Toy retailers are hoping Hollywood movies will drive big sales again this year, after blockbusters such as "Star Wars: The Force Awakens" and "Minions" led to huge numbers in 2015.
U.S. retail sales of toys grew nearly 7% to $19.4 billion last year, boosted by films that resulted in record domestic box-office grosses, according to research firm NPD Group. Sales of toys based on movies grew more than 9%.

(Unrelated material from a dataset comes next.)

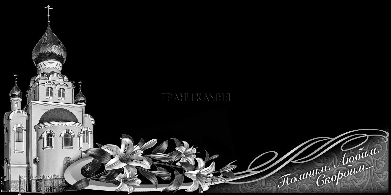 Горизонтальный гранитный памятник на могилу с церковью и лилиями №35

Movie business analysts don't expect the 2016 box office to hit last year's record level of more than $11 billion in ticket sales in the U.S. and Canada. But experts say the toy business should not fear the likely declines at multiplexes.
A full slate of superhero movies, kids films and another "Star Wars" picture should continue to drive children and parents to the toy aisles for the latest action figures, dolls and vehicles, said Toys R Us Executive Vice President Richard Barry.
"Even if you put 'Star Wars' aside, there's still a lot of really great stuff going on," he said. "There's a lot to be excited about this year."
Movie characters are likely to be a common topic of discussion at this weekend's Toy Fair trade show in New York, where companies will show off their new lines of merchandise.
Warner's DC Entertainment, for example, is preparing to launch a trove of products from its new DC Super Hero Girls franchise aimed at girls 6 to 12.
"Star Wars" alone generated $700 million in consumer spending last year, according to NPD Group. And the latest movie didn't hit theaters until Dec. 17, meaning toy sellers should continue to benefit from the movie's popularity.
The first of Disney's planned spinoff movies, "Rogue One: A Star Wars Story," will be released in December and should stoke further interest in additional product lines.
Superheroes, always heavy merchandised, could also prove a boon. Toy analysts are looking forward to
"It should be awfully good year for the toy industry," Marty Brochstein, of trade group Licensing Industry Merchandisers Assn., known as LIMA.
Brochstein estimates 40% to 45% of toy sales come from licensed properties. "You can't just draw a straight line from box-office to licensing. It depends on what kind of property it is, and who the target audience is."
There are high hopes for "Warcraft," based on the Blizzard video game. The same goes for "Finding Dory," the long-awaited sequel to the 2003 Pixar hit "Finding Nemo," even though the original didn't do much in merchandise sales, Brochstein said.
"The first movie may not have had a lot of licensing, but when they decide to make a second film, that's when they might kick the licensing into higher gear," he said.
It's not just movies. The toy industry is also looking to popular digital media franchises to pump up sales. One of last year's biggest toy industry hits was Shopkins, a line of tiny collectible dolls that has spawned a successful YouTube series.
"It was a phenomenon," said Richard Barry of Toys R Us. "It isn't simply about movies anymore, but engaging through YouTube and video games."
Indeed, the top-selling item of 2015 was the Shopkins 12 Pack Assortment, according to NPD Group.